Wednesday, 6 March 2013

Positions to Play in Soccer

Generally, when you start playing soccer you will want to play a variety of positions in order to find out where you are most likely to be successful on the field. At the lower youth age levels, players almost never have fixed positions because it hinders their development. Below is an explanation of each position on the field so that you can get a better idea of what your responsibilities will be, and also so you can determine what position may be best for your particular skill set.

Goalkeeper



The goalkeeper is the net minder. They are the only players on the field allowed to use their hands, and are also routinely the orchestrators of the defense. A goalkeeper should be very vocal and have strong leadership qualities, as well as tremendous mental fortitude.

Sweeper
The sweeper, or libero as they are known in Italy, is the last line of defense, with the exception of the goalkeeper. The sweeper should have exceptional speed, and maintain the ability to track multiple attackers simultaneously. Very often the sweeper isn’t responsible for marking any one opposing player, but rather defends any attacker who gets past the other defenders.

Center Back
The defender who plays along the back line between the right and left defenders is called the center back. The center back should have excellent marking skills, be accustomed to physical play, and have the ability to clear aerial balls with his head. The center back is also responsible for tracking opposing players that drift into the middle of the field.

Left Back
The left back is traditionally responsible for marking the opposing team’s right winger.

Right Back
The right back is traditionally responsible for marking the opposing team’s left winger.

Center Midfielder



The center midfielder is the maestro on the field. It is the most important position on the team because the center midfielder will usually touch the ball more than any other player. The center midfielder’s job is not only to facilitate the attack, but also to track back on defense. He should have an unmatched level of fitness on the field, as well as the ability to run great distances for a long period of time. The most important quality in a center midfielder is the ability to make exceptional passes that feed the attack.

Attacking Midfielder
A midfield player who has an attacking mindset, routinely distributes the ball to the forwards, and takes shots. An attacking midfielder has the freedom to drift into the opposing team’s third of the field.

Defensive Midfielder
Defensive midfielders tends to hang back to stop opposing players from scoring. Although their job is still to feed balls forward to the attackers, they tend to play with a defensive mindset.

Winger



The winger plays up top, either on the left or right side of the field. The winger’s primary job is to use his speed to make runs down the side of the field, stretch the defense, and then serve the ball to the middle of the field in front of the opposing goal.

Center Forward
The center forward is traditionally played in a formation in which there are three attackers up top. Since he is not the lone attacker, he has the freedom to spread balls to the wings or attack the goal, depending on where the best opportunities present themselves.

Roaming Striker
The roaming striker is generally used when a team has a gifted attacker with exceptional speed. The player must have the ability to beat the opposing defenders. Teams rarely play a formation with a lone roaming striker unless they have a player who is capable of taking on the responsibility of being the primary goal scorer.
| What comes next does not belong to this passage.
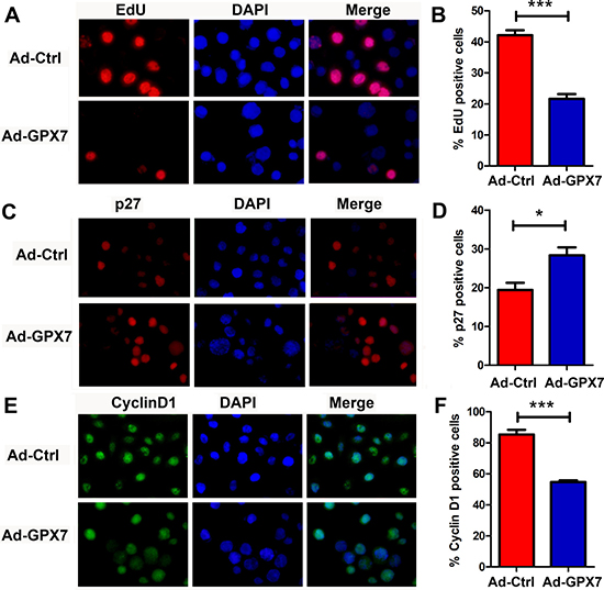 Figure 4: Reconstitution of GPX7 suppressed tumor cells proliferation in 2D culture. (A) EdU proliferation assay using AGS cells. Data shows GPX7-expressing cells (Ad-GPX7) had significantly lower EdU positive rate, meaning lower proliferation rate as compared to control cells (Ad-Ctrl). Right panel (B) shows quantitative data (***p < 0.001). (C) Immunocytochemistry staining of p27 protein using fluorescence. Data shows that GPX7-expressing cells (Ad-GPX7) had significantly higher p27 expression than control cells (Ad-Ctrl). Right panel (D) displays quantitative data (*p < 0.05). (E) Immunocytochemistry staining of Cyclin D1 protein using fluorescence. Data shows that GPX7-expressing cells (Ad-GPX7) had significantly lower Cyclin D1 expression as compared to control cells (Ad-Ctrl). Right panel (F) displays quantitative data (***p < 0.001).

The Best Roaming Strikers?


Wayne Rooney of Manchester United vs Everton. ...

At the highest level of play in the world, teams rarely play a formation with a roaming striker. The reason for this is the roaming striker must be a world class-caliber player. Examples of professional players who are skilled enough to play the position include:
  • Liverpool’s Fernando Torres
  • Manchester United’s Wayne Rooney
  • Inter Milan’s Samuel Eto’o
Choosing your Position
Once you have familiarized yourself with the responsibilities of each position, consider which one optimally represents your skill set and playing mentality. If you think you are being played out of position, tell your coach why you think you are the best option for the spot of your choice.